H: Wow, this is the worst love-in ever!
[TARDIS trying to take off and fails]
S: Worst Emerson Lake and Palmer moog solo ever!
[As the Daleks discover the radiation drugs aren’t working for them]
S: Now, try that drug again, only put some Pink Floyd on this time!
[As the TARDIS crew convinces the Thal’s to attack the city]
H: You know what’s coming soon?
K: Nooo!! Not “The Ordeal”!
[Cut to Dalek’s planning their strategy]
K: These must be the gooviest Daleks ever!
[Ian, Barbara, and Thal’s tromp through the swamp]
P: Yoda’s hut is the other way. Yoda. You seek Yoda!
R: There are great big molecule models in the swamp!
S: And that’s a great big moon!
H: It certainly is.
[As Thall disappears into the swamp, and the other comments “What happened to Elian?”]
H: He went back to Cuba, as I recall.
[As the group reaches a cliff. “We’ll have to climb”]
K: No! Not the climb!
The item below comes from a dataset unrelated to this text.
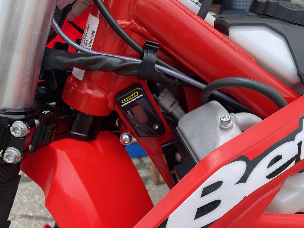 さて、ここで3時間6時間という時間を挙げたのですが、これは適当に時計見て計っているのではなく、アワーメーターをバイクに取り付けて計ったもので、練習やレースの度にアワーメーターを見て、稼働時間の記録を取っています。アワーメーターは、オイル交換だけでなく、フロントフォークのオイル交換とか、エンジンのオーバーホールの時期を測るためにも、納車時に取り付けます。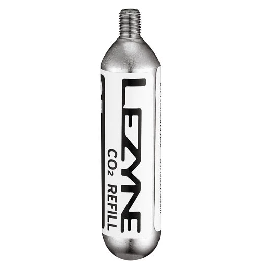 Threaded CO2 cartridges for use with all Lezyne CO2 inflators. 25g CO2 cartridges contain a larger charge suitable for high volume MTB tires. Available as 5-piece refill packs or counter top boxes (20 quantity for 25g cartridges).

That brings us that much closer to… “The Ordeal”!
[Everyone agrees that the background is a very nice Matte painting]
[As the group climbs up the cliff]
P: Why aren’t they using the rope?
H: Throw down the rope!
P: I can’t, my hair’s too heavy!
H: They really did capture Jacqueline Hill’s hair, didn’t they?
S: Maybe they should set it free?
R: Let’s just let the Americans go to the moon? This climbing is much too difficult.
[The Doctor comes up with a plan to use mirrors]
S: Thank god you’re such a vain people.
P: We need them to put on all of our eye makeup!
[And the pit approaches]
K & Sc: No!! “The Ordeal”!
[After an “agonizing” 4 minutes of jumping over the cliff, followed by the surprise rescue of the Thal that fell]
K: That was at least 18 minutes shorter than I remember.
[Cut to the Thals as they use the mirrors to shine light on the Dalek city]
R: Return to the Valley of the Thals.
Sc: It’s the first night of Burning Man.
S: What can we do to rescue the Doctor? Interpretive Dance!
[As the Daleks computer is destroyed, and all the Daleks stop moving]
S: (Charlton Heston voice) You did it! You really did it! God damn you Thal! God damn you Thal to hell!
[Seeing the Thals hold up their torches as the TARDIS crew gets ready to say their goodbyes]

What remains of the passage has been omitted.